When asked if this sustainable change has yet occurred, she quickly replied, “No.”

But Skinner believes the 2022 legislative session will bring about change. She says Georgia needs a state welfare plan that provides a roadmap for care, regardless of who is the governor or leads the departments involved.

Change is possible

Anna and Ava warn families not to be prepared to fight over money.

“I’ll never forget a legislator… He looked at me and said, It’s not personal. And I thought it was very personal! Anna Pollard remembers it.”

According to the Georgia Insurance Commission, the AVA law increased monthly premiums by 97 cents. But Ava says look what this dollar did to her.

“I wouldn’t be where I am today at all,” Ava said.

From a young kid who can’t talk to a senior at Tombstone High School. Ava is a cheerleader at the top of her class as a double registered student in South Georgia.

“The answer can’t be how to do it, we keep throwing money and getting more providers. The answer has to be how do we focus on ensuring that what this kid gets is what the science says he should get. What results? What should they expect?” Anna said. She believes that if we follow this science, we’ll see service loopholes and places where providers and insurers aren’t held accountable.

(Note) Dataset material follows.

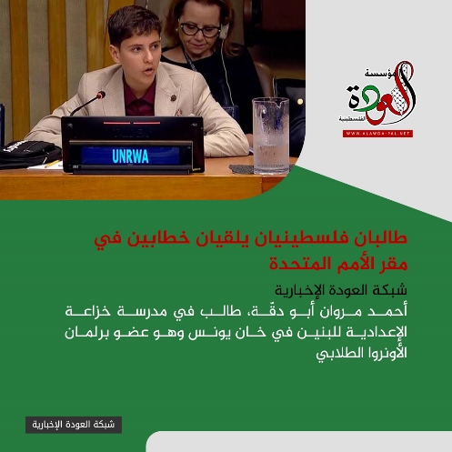 طالبان فلسطينيان يلقيان خطابين في مقر الأمم المتحدة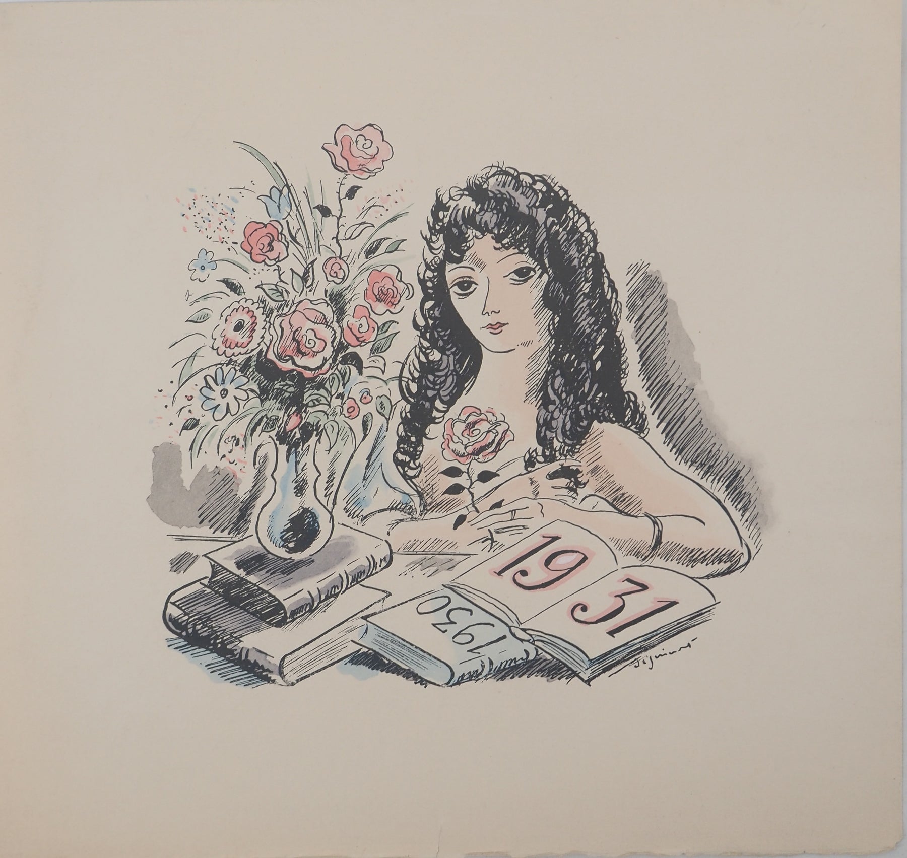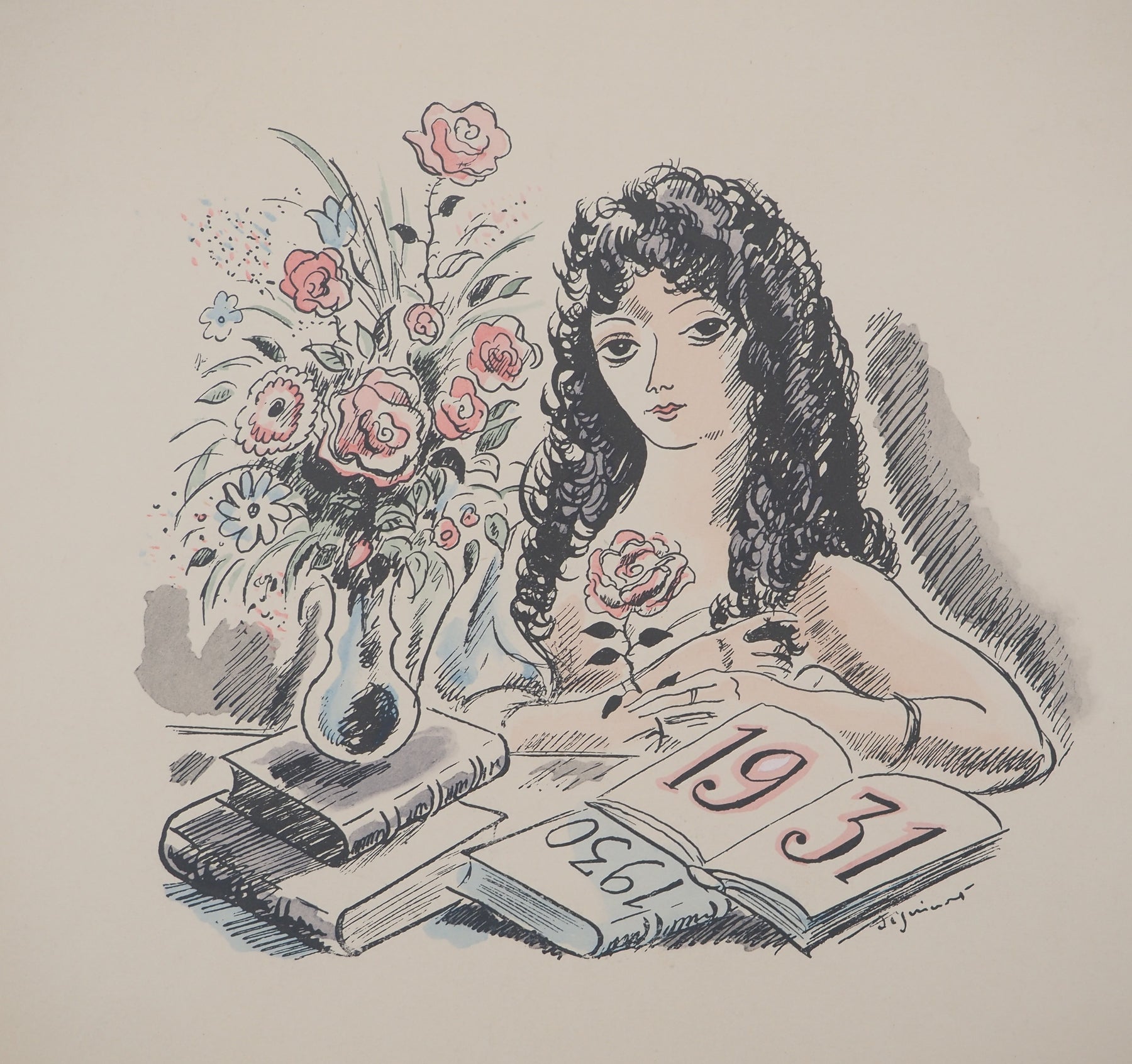 A superb watercolor by this great painter and illustrator, known for his seductive women, his illustrations of Parisian life, and his vibrant bouquets of flowers. A renowned painter

This is now the focus of Anna Pollard’s new battle. I held a job at the Center of Excellence for Behavioral Health, lobbying across the country this time around to make sure existing programs use proven methods to get good results.

The Pollards hope their story offers some hope that change can happen — if you’re willing to fight back.

Possible solutions

During this investigative series, we ask those in the middle of it, ‘What’s the solution’. That’s what they say.

  • Increase reimbursement rates for therapists who work non-traditional hours, with children with aggressive behaviors, or with children in rural areas.
  • Increase the reimbursement rate for home support and provide greater access when medically necessary.
  • Expand coverage and access to ABA treatments for children who could benefit, not just those diagnosed with autism.
  • Create a loan repayment program for behavioral health clinicians who agree to work in underserved communities.
  • Determining the equivalence of reimbursement for mental health care as medical care.

This story was told as part of a 2020 data fellowship with the USC Annenberg Center for Health Journalism.

The Reveal is an investigative show that exposes the inequality, injustice, and inefficiency that people in power have created across Georgia and across the country.